» **Task to carry out**: Nothing outside the range is to be copied. From the entries below, reproduce exactly the lines starting at the one with "تميزي بإطلالة أنيقة" and ending at the one with "Incorporating videos and", without pictures.

:: Dataset entries ::

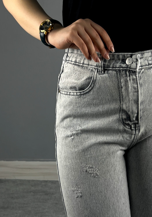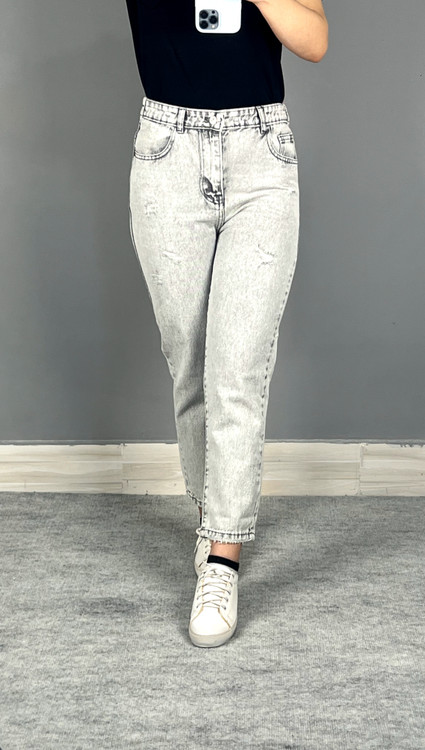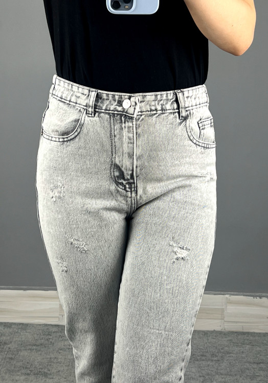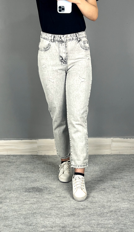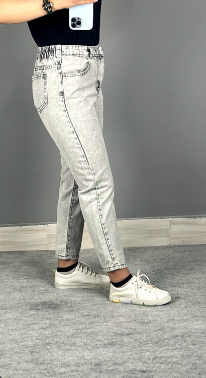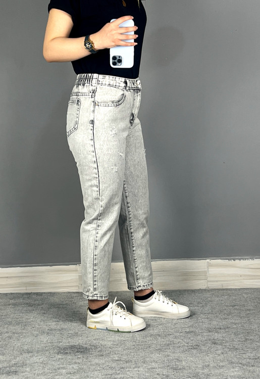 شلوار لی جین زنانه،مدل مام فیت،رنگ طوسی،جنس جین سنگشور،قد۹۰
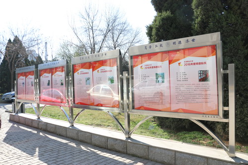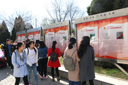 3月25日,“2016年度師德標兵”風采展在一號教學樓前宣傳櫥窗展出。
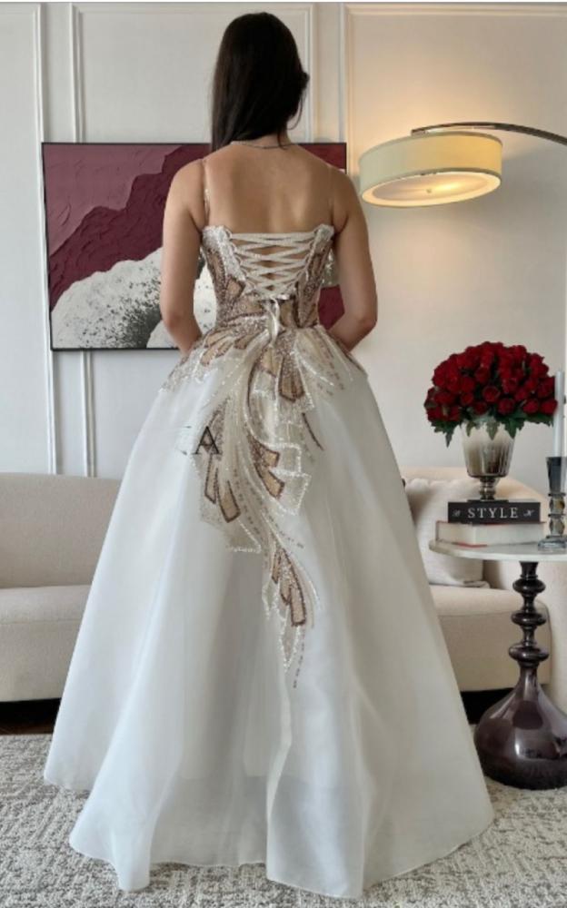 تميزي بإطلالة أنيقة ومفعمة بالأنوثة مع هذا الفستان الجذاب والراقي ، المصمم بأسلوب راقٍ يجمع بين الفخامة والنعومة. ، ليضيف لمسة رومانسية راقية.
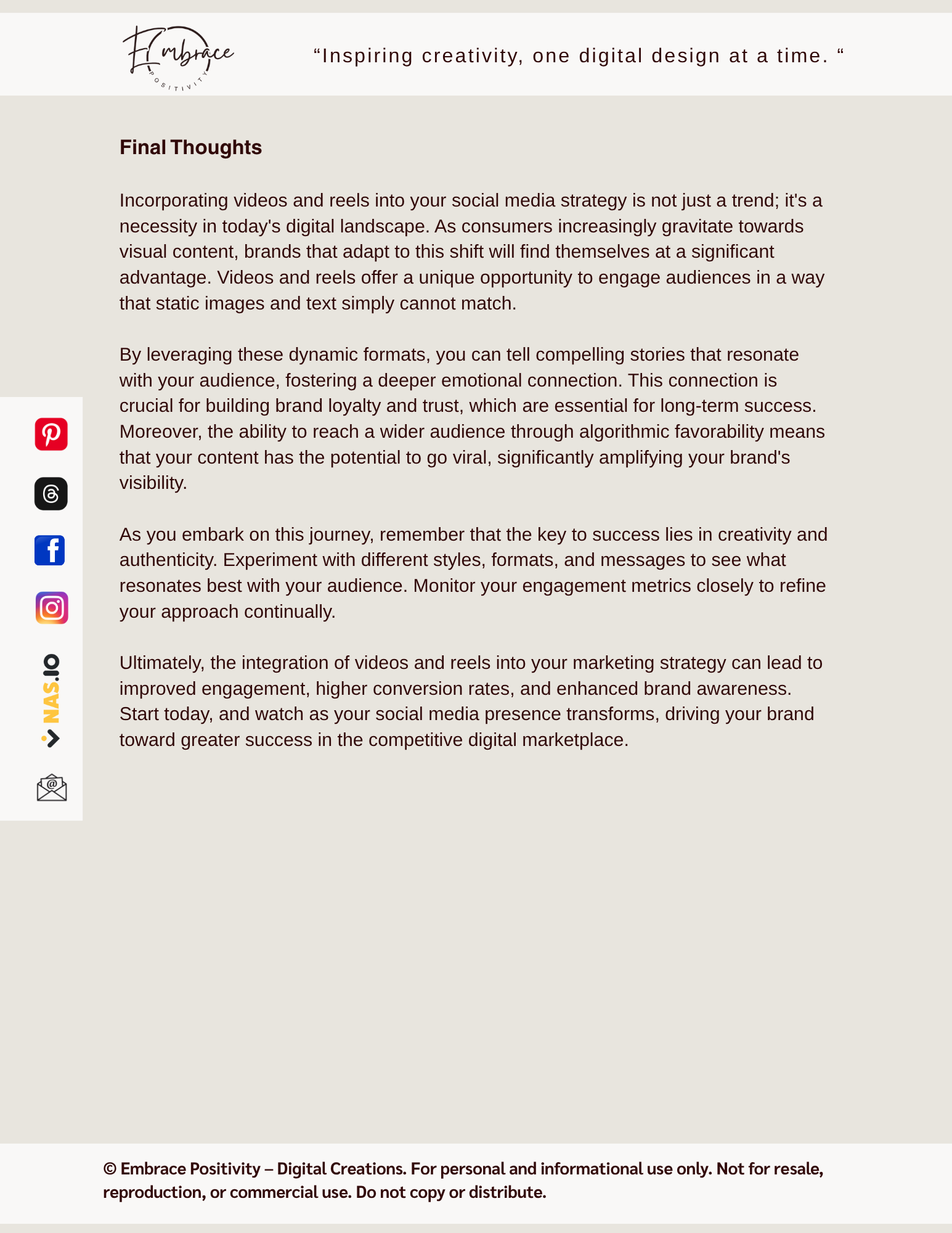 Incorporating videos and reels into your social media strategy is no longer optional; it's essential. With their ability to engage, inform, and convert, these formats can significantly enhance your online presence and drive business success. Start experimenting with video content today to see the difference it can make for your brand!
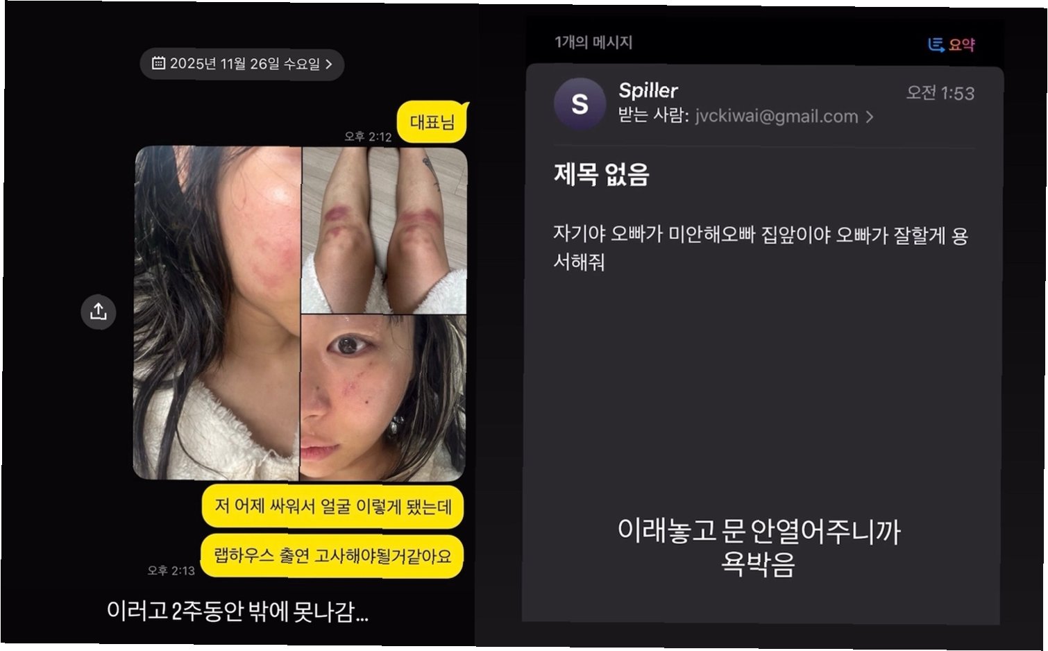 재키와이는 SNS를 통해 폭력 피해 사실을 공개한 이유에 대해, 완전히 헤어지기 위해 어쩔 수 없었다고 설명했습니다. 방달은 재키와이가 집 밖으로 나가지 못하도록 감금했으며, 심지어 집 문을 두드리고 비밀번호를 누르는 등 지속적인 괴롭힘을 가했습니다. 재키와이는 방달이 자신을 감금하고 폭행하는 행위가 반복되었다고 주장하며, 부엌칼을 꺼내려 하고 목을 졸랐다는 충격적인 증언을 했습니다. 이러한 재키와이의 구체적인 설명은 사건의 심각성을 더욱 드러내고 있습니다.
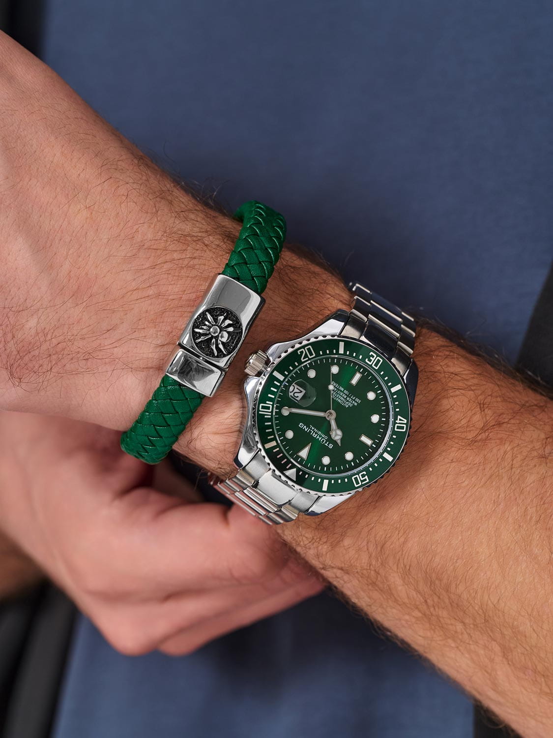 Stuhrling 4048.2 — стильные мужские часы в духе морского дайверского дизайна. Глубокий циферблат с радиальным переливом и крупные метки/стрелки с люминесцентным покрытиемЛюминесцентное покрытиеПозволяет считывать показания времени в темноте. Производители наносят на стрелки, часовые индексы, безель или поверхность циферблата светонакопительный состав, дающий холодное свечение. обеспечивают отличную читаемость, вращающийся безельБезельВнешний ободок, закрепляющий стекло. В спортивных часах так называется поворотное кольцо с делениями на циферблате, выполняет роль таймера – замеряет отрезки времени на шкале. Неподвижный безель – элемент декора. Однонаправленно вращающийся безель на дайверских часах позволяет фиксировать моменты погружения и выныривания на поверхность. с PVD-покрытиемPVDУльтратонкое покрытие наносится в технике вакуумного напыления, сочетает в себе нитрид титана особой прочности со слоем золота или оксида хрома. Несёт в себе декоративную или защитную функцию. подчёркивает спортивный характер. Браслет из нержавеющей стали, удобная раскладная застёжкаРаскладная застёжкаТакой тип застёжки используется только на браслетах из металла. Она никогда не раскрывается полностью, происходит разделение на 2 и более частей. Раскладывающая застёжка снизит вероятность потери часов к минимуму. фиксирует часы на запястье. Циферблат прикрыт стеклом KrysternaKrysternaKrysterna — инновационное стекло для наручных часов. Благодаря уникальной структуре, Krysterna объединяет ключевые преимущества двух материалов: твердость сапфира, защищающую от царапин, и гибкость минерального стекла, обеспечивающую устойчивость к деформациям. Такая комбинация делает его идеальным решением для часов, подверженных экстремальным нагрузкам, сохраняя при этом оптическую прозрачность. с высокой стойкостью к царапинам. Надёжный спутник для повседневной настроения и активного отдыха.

:::

» **Solution to this task**:
 تميزي بإطلالة أنيقة ومفعمة بالأنوثة مع هذا الفستان الجذاب والراقي ، المصمم بأسلوب راقٍ يجمع بين الفخامة والنعومة. ، ليضيف لمسة رومانسية راقية.
 Incorporating videos and reels into your social media strategy is no longer optional; it's essential. With their ability to engage, inform, and convert, these formats can significantly enhance your online presence and drive business success. Start experimenting with video content today to see the difference it can make for your brand!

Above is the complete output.